Recorded information:
····················
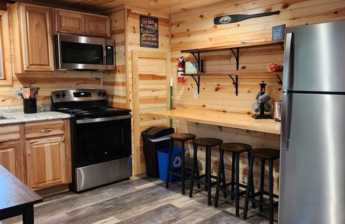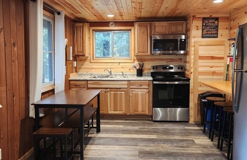 This beautifully updated cabin features a newly renovated, fully equipped kitchen and a modern bathroom with a full walk-in shower. With space to comfortably sleep up to 9 guests, it’s perfect for families or groups. Bedroom One boasts two queen beds, while Bedroom Two offers a queen bed and twin bunk beds. The cozy living room includes a queen sofa sleeper, brand-new furniture, a Smart TV, and fresh carpeting installed in 2024. The cabin also shines with updates like new queen beds and a durable new metal roof.
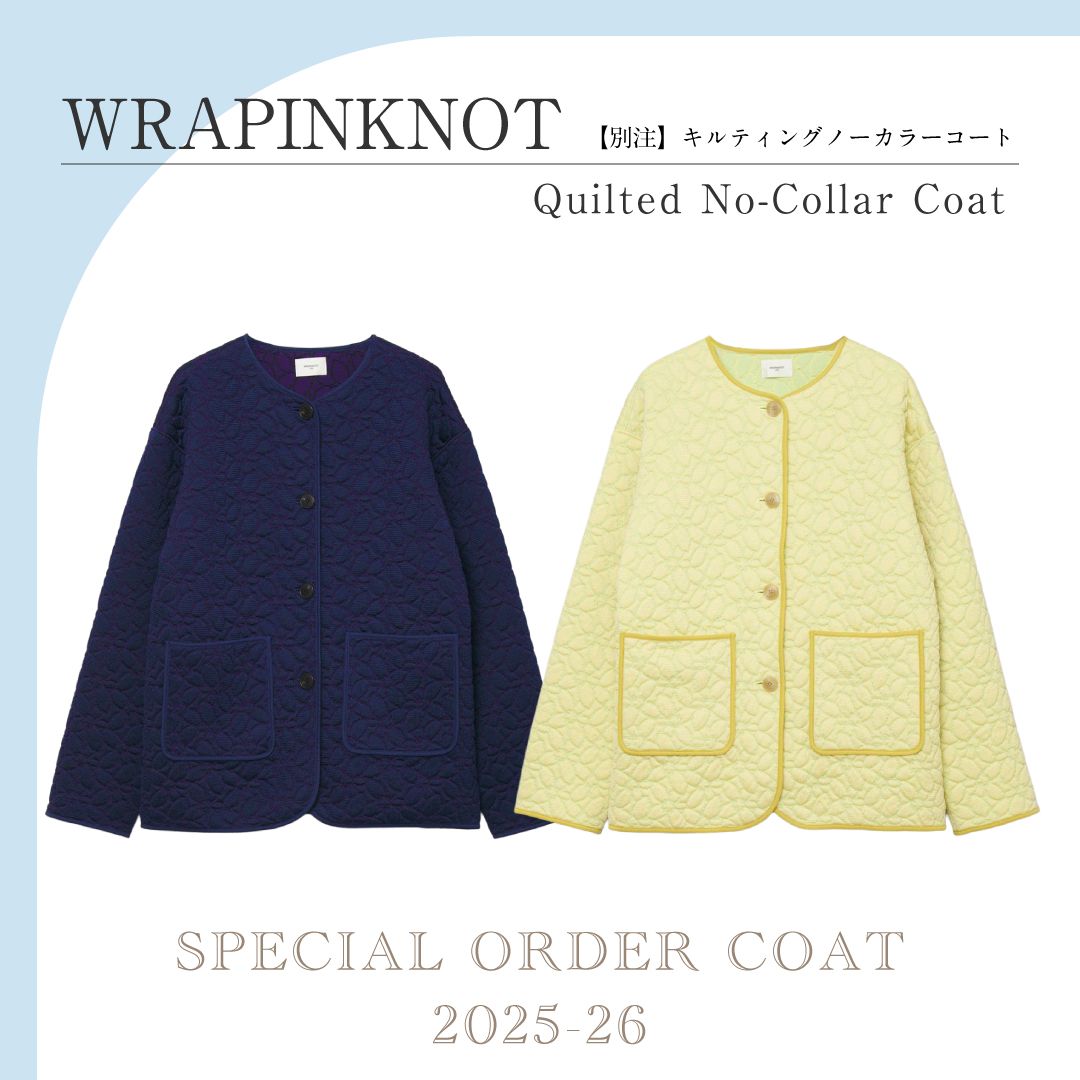 ラッピンノット(WRAPINKNOT)にオーダーしたキルティングコートは、2025年秋冬の新作をベースに、ボタンや生地・ステッチ糸・パイピングの色にこだわった特別な1着。カラーは、フレッシュなライムイエローとシックなネイビーの2色展開です。
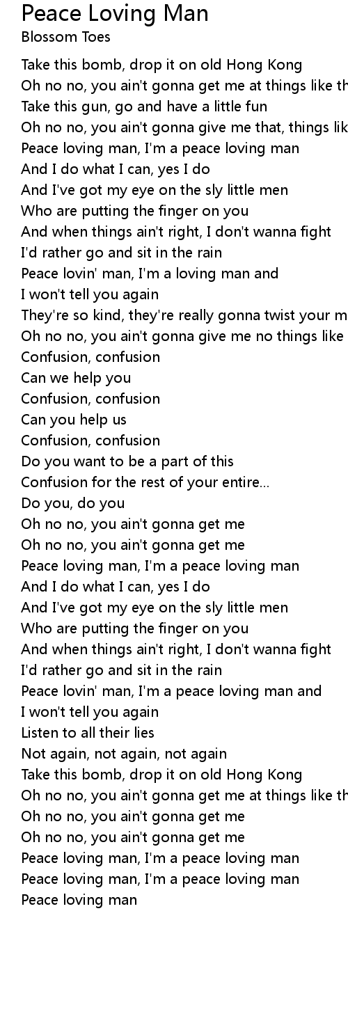 Peace lovin' man, I'm a peace loving man and |
····················
Activity: Each line above should be written out again exactly, without any image.

Written response:
 This beautifully updated cabin features a newly renovated, fully equipped kitchen and a modern bathroom with a full walk-in shower. With space to comfortably sleep up to 9 guests, it’s perfect for families or groups. Bedroom One boasts two queen beds, while Bedroom Two offers a queen bed and twin bunk beds. The cozy living room includes a queen sofa sleeper, brand-new furniture, a Smart TV, and fresh carpeting installed in 2024. The cabin also shines with updates like new queen beds and a durable new metal roof.
 ラッピンノット(WRAPINKNOT)にオーダーしたキルティングコートは、2025年秋冬の新作をベースに、ボタンや生地・ステッチ糸・パイピングの色にこだわった特別な1着。カラーは、フレッシュなライムイエローとシックなネイビーの2色展開です。
 Peace lovin' man, I'm a peace loving man and |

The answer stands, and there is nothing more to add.